Construire un univers, une fanbase, multiplier les projets différents autour d’un jeu est un vrai défi. Cowcat Games, après Brok The Investigator, s’y essaie. Après l’original et le visual novel, voici Brawl Bar : une succession de défis de baston façon beat’em all qui devrait amuser les fans de la licence.


Pour vous dépeindre les dessous cachés de la rédaction, j’ai chroniqué Brok The Investigator, que j’avais trouvé au demeurant assez sympa et divertissant, mais qui manquait de ce “je ne sais quoi” qui en fait un jeu addictif et marquant. J’avais encouragé son créateur à poursuivre dans cette voie, car le jeu était bourré de promesses. Cowcat Games, son créateur Fabrice Breton, avait critiqué mon test. J’essaie toujours de me mettre à la place du joueur lambda. J’accepte la critique, je ne suis pas parfait, donc, j’avais retouché mon test sans dénaturer mon avis : une première pour moi. C’est donc avec une certaine appréhension que j’aborde Brawl Bar. Je resterai honnête avec vous et droit dans mes bottes.

Brok est parachuté dans un bar. Nous y retrouvons certains protagonistes du jeu principal. C’est donc avec une teinte de nostalgie que commence ce Brawl Bar. Nous serons amenés à discuter avec tous les membres présents afin d’étoffer l’univers brokien et de délivrer moult activités : faire tourner une roue de la chance pour débloquer des musiques dans le jukebox, participer à un concours de bras de fer, et même construire nos propres défis.


Car oui, le jeu est constitué de défis de beat’em all. Vous entrez dans la cabine VR du bar pour accéder à ces défis. En étant dans la peau de Brok ou d’un de ses comparses, vous serez confronté à des missions allant d’éliminer les ennemis dans un temps imparti, à survivre, ou encore à composer avec des conditions particulières comme un sol glissant ou des tempêtes… avec des boss et quelques surprises, comme un virus informatique.


Même si tout cela peut sembler divertissant, on enchaîne les défis sans passion. C’est bien là le problème. Si le jeu est vendu à prix réduit, il n’en reste pas moins assez redondant. La palette de coups des personnages a beau être variée, on ne pense qu’à une chose : finir le défi. De mon point de vue, cela gâche tout ce que Cowcat avait tenté de faire avec son jeu principal : étoffer la narration tout en y incorporant des phases de beat’em all. C’était la narration qui primait, et la baston n’était là que comme une petite douceur.

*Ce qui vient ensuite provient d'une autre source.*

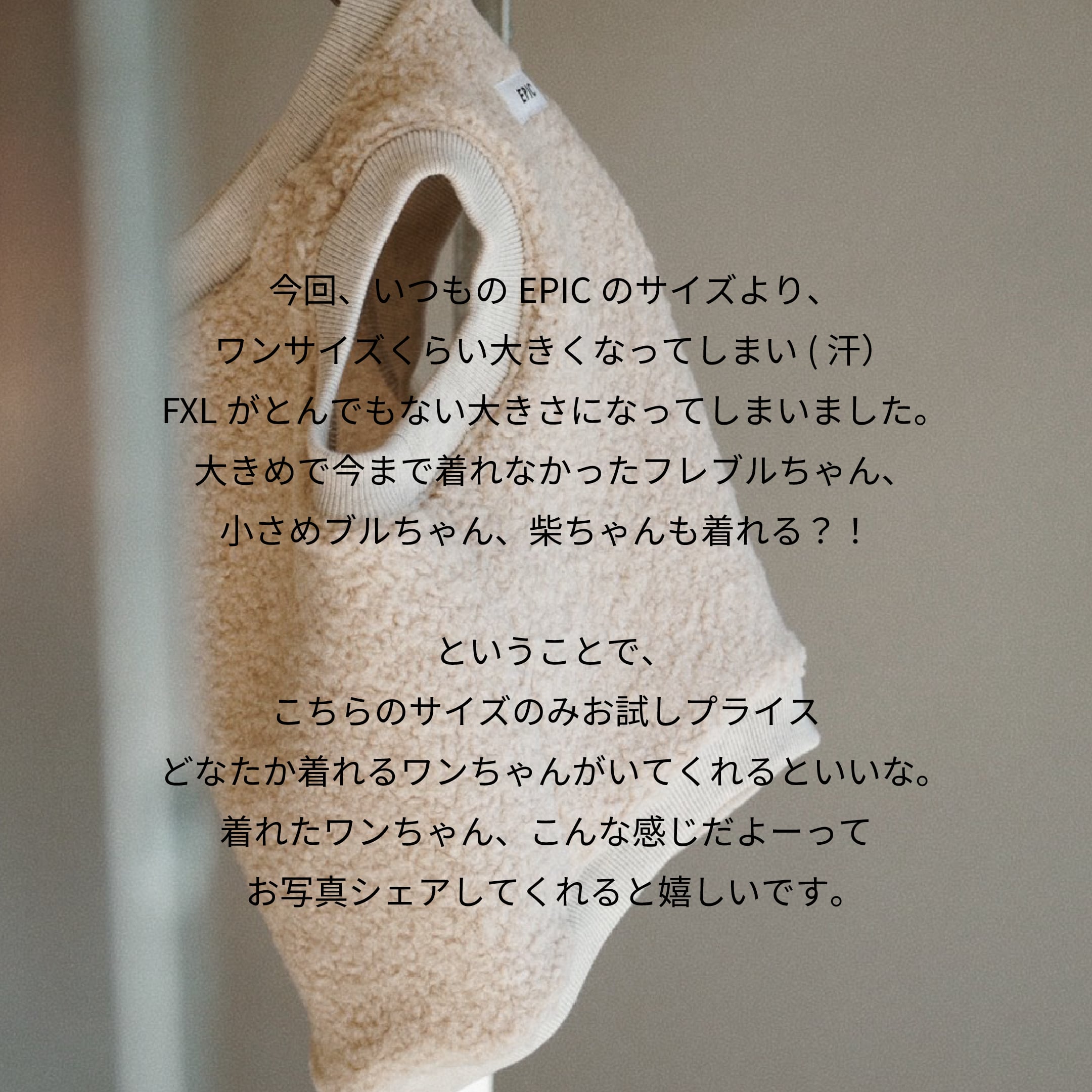 小さめブルちゃんはXLを着ていただけるんじゃないかと思ってます。わがままボディで今までサイズがなかったフレブルちゃんもXLは着れるかな?柴ちゃんとはどうでしょうか?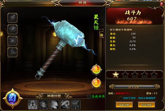 (3)神器进阶成功后,将获得更炫更酷的外型和更加强大的属性;

Il faut reconnaître que Fabrice maîtrise son sujet : il apporte des défis quotidiens afin de faire vivre son jeu et a mis l’accent sur l’accessibilité afin que toutes et tous prennent plaisir sur ce Brok Brawl Bar. Cela en fait un jeu moyen, où les fans de son travail pourront continuer à promouvoir son savoir-faire et l’encourager. Les autres détourneront le regard, car cela n’apporte rien de nouveau et n’y verront qu’un intérêt limité.
Malgré que nous ne soyons pas d’accord avec Cowcat Games, je lui renouvelle tous mes encouragements et espère qu’il s’accroche afin de toucher un maximum de public. C’est ce que tout créateur d’une œuvre souhaite : toucher un large public, faire parler… Voyons ce jeu non pas individuellement, mais dans la globalité de son univers.